Eric W. Biederman wrote:
> "Denis V. Lunev" <den-3ImXcnM4P+0@public.gmane.org> writes:
> 
>>> This patchset does need to get rebased on top of net-2.6.25 when it
>>> opens and hopefully your patchset to remove the unnecessary work in
>>> rtnl_unlock, and to really process netlink requests in process
>>> context.  I see a need for the more fundamental change you seem to
>>> be advocating.
> 
> Grr.  That last sentence should have been I do not see a need for the more
> fundamental change you seem to be advocating.

why?

>> First. A real-life usecase we have recently fixed in the OpenVZ. I have
>> described it in the previous post, but (may be) not in great details.
>>
>> UDP buffers management for outgoing traffic.
>> The packet carries over a destructor, which is called in skb_orphan in
>> the real networking device. This destructor allows to queue more
>> packets. There is no problem in the current implementation. But there is
>> one after namespace introduction in the following configuration:
>>     [NS1] <-> [NS2] <-> [world]
>> There are two namespaces on the host.
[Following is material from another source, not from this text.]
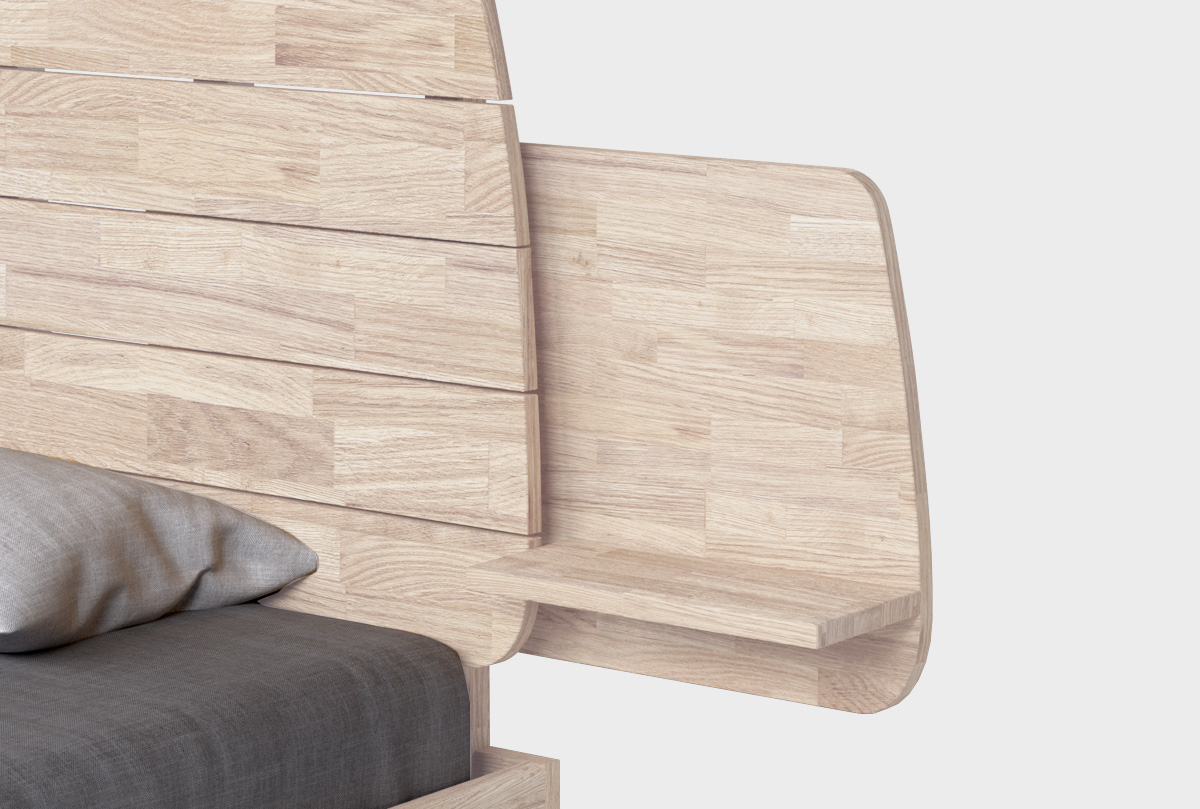 ✅ Полка крепится к ламелям изголовья и опоре изголовья – она функциональна и не занимает много места.

One of them is connected to the
>> outside world via another and the packet follows usual forwarding path
>> in NS2.
> 
> Yes.  We can't quite do that today because of the missing ipv4 support,
> but the basic infrastructure exists to describe this is already
> merged.
> 
>> The problem: if we call skb_orphan in [NS1] outgoing device, there is a
>> great possibility to have a really huge packet drop in [NS2] on queuing
>> operation.
> 
> Yes.  Removing skb_orphan from veth to solve this looks like a
> pretty substantial hack.  A clean solution is more likely to resemble
> ethernet pause frames so we temporarily plug the virtual device.
> Although there are issues with that as currently virtual devices
> don't have queues.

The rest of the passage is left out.